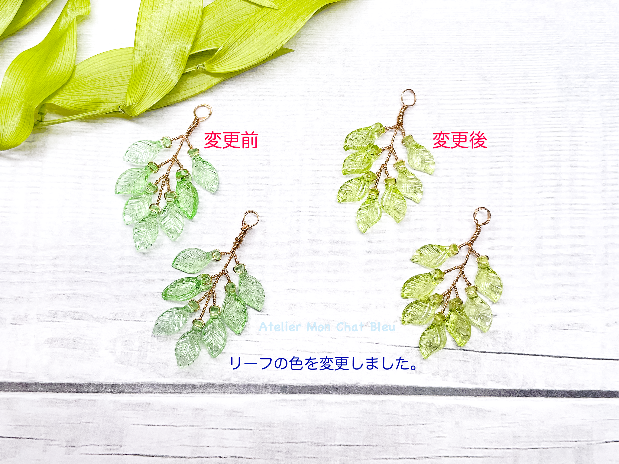 この度、リーフのビーズの色が、黄味のあるグリーンに変更となりました。
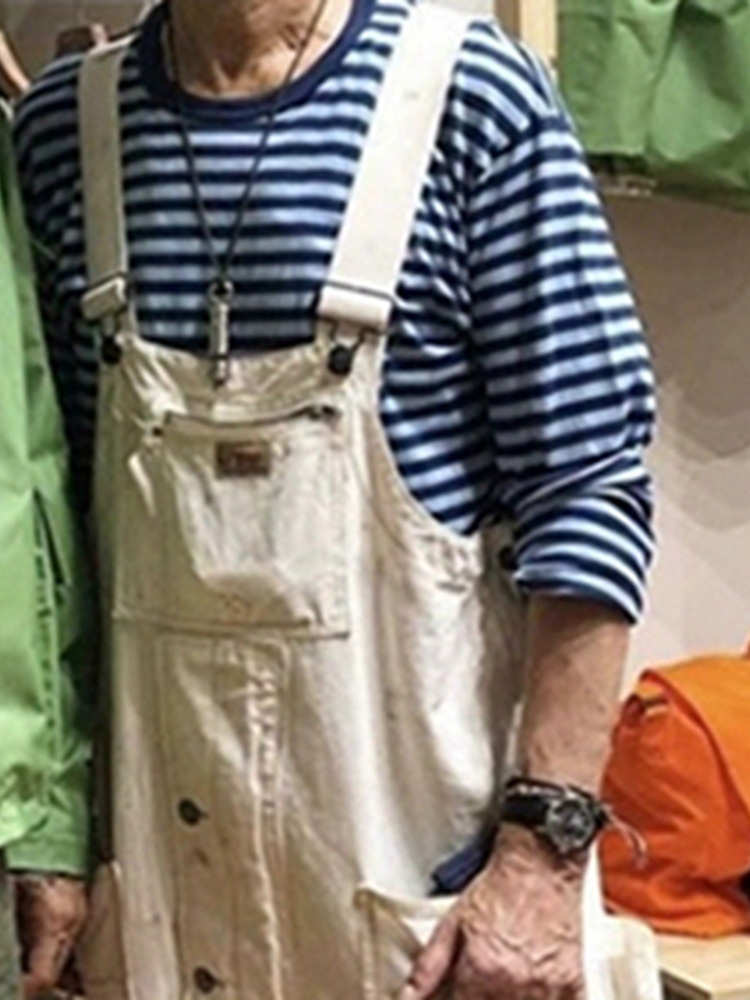 这款背带裤松松垮垮地呈现出一种日式经典的阿美咔叽风格。有着精细的车工走线和细致的裁剪,穿着也是非常的舒适。
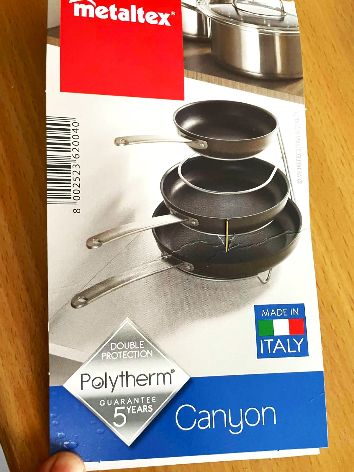 veľmi kvalitný organizér z kvalitnej ušľachtilej pevnej chrómovanej ocele,na ukladanie - stohovanie panvíc do linky alebo do špajze,temer nepoužívaný,veľmi praktický pomocník....
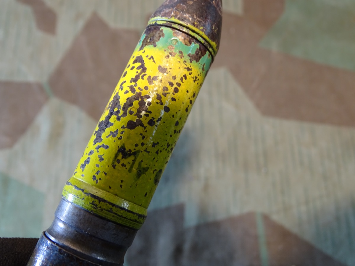 Kein Versand ins Ausland , NO Shipping to foreign countrys possible. 20mm Deko-Patrone, sie wurden bei der Luftwaffe aus der Maschinenkanone MG 151/20 verschossen. Hülse Eisen lackiert mit Sprenggranate und Zerlege-Zünder aus Eisen. Geschoss noch mit viel gelber Originalfarbe und - Beschriftung wie Code und 1944. Zünder mit Code efc, Hülsenboden auch mit Hersteller Code Stempel. Gewinde gängig. Zustand siehe Fotos. Die Patrone ist gem. KWKG abgeändert, komplett delaborioert, kein zündfähiges Matrial enthalten. Bei Bestellung bitte Altersnachweis mitsenden (Kopie vom Personalausweis).
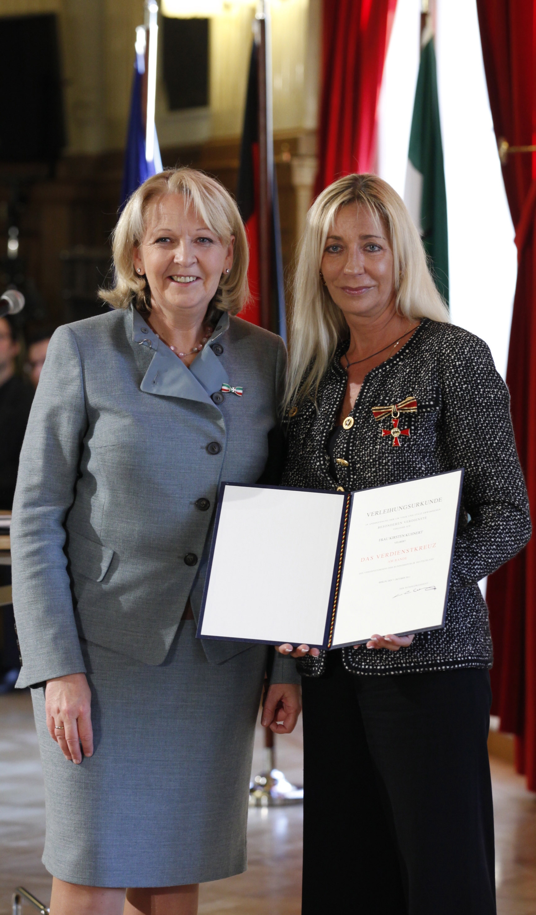Düsseldorf, 01.02.2012: Aushändigung des Bundesverdienstordens durch Ministerpräsidentin Hannelore Kraft an Kirsten Kuhnert.

────────────────

Work required. Your task is to give again, unchanged, the lines from the line that contains "Kein Versand ins" to the end of the records. Include both end lines but no pictures.

Result for this task.
 Kein Versand ins Ausland , NO Shipping to foreign countrys possible. 20mm Deko-Patrone, sie wurden bei der Luftwaffe aus der Maschinenkanone MG 151/20 verschossen. Hülse Eisen lackiert mit Sprenggranate und Zerlege-Zünder aus Eisen. Geschoss noch mit viel gelber Originalfarbe und - Beschriftung wie Code und 1944. Zünder mit Code efc, Hülsenboden auch mit Hersteller Code Stempel. Gewinde gängig. Zustand siehe Fotos. Die Patrone ist gem. KWKG abgeändert, komplett delaborioert, kein zündfähiges Matrial enthalten. Bei Bestellung bitte Altersnachweis mitsenden (Kopie vom Personalausweis).
Düsseldorf, 01.02.2012: Aushändigung des Bundesverdienstordens durch Ministerpräsidentin Hannelore Kraft an Kirsten Kuhnert.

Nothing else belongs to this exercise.